Although athletes without a history of sports injuries showed no changes between the conditions, the excitability of central nervous system function increased when tasks were performed using vision in the injured leg among athletes with a history of sports injuries, indicating that motor guidance using visual feedback in the injured leg could lead to an increased likelihood of adjustments dominated by the excitability of central nervous system function rather than peripheral nervous functions, such as proprioception. Therefore, excessive use of visual feedback for movement guidance in the rehabilitation process may inhibit the automation (unconsciousness) of movements required in sports activities, requiring careful consideration of the feedback methods used in training.35
In addition to the assessment tools that have been used previously, the evaluation method employed in this study may serve as a useful aid in determining readiness for return to sport.
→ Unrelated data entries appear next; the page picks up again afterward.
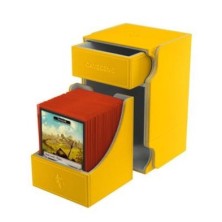 El modelo convertible Watchtower 100+ combina caja para mazos, cajón para accesorios y bandeja para cartas en un elegante producto. La bandeja para cartas puede contener hasta 100 cartas con doble funda y las protege con un suave forro interior de microfibra. El cajón para accesorios es perfecto para guardar dados, fichas y otros artículos pequeños.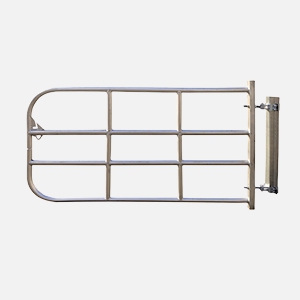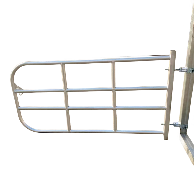 隔栏门牛场隔栏门在牛场管理中起着至关重要的作用,主要用于牛群的管理和隔离,防止奶牛混群、混养的情况发生。隔栏门的长度通常根据牛棚圈舍的宽度来定制,度一般为1米,固定在两边立柱上,饲养员可以自由开合上锁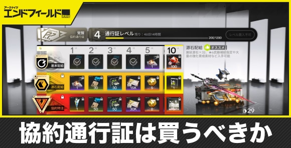 アークナイツエンドフィールドの協約通行証は買うべきかについてご紹介。源石配給や協約特注を購入するメリット、通行証レベルの上げ方、獲得できる報酬について記載しています。

However, this study had several limitations, including a small sample size and heterogeneity in the types of sports-related injuries. Moreover, due to the limited number of participants, it was not possible to analyze differences between the dominant and non-dominant limbs. Therefore, future studies should aim to increase the sample size and address these limitations to further advance this line of research.
CONCLUSION
The results of this study indicate that athletes with a history of sports injuries can achieve finer motor adjustments using visual feedback, facilitated by increased excitability of higher central nervous system functions. However, an over-reliance on visual feedback may persistently involve higher central nervous system functions, potentially hindering the automation (or unconscious execution) of movements.
Disclosures
This work was supported by the Special Research Grant from Hokuriku University for the 2024 academic year.
ACKNOWLEDGEMENTS
The authors would like to thank Hokuriku University for the support through the 2024 Special Research Grant.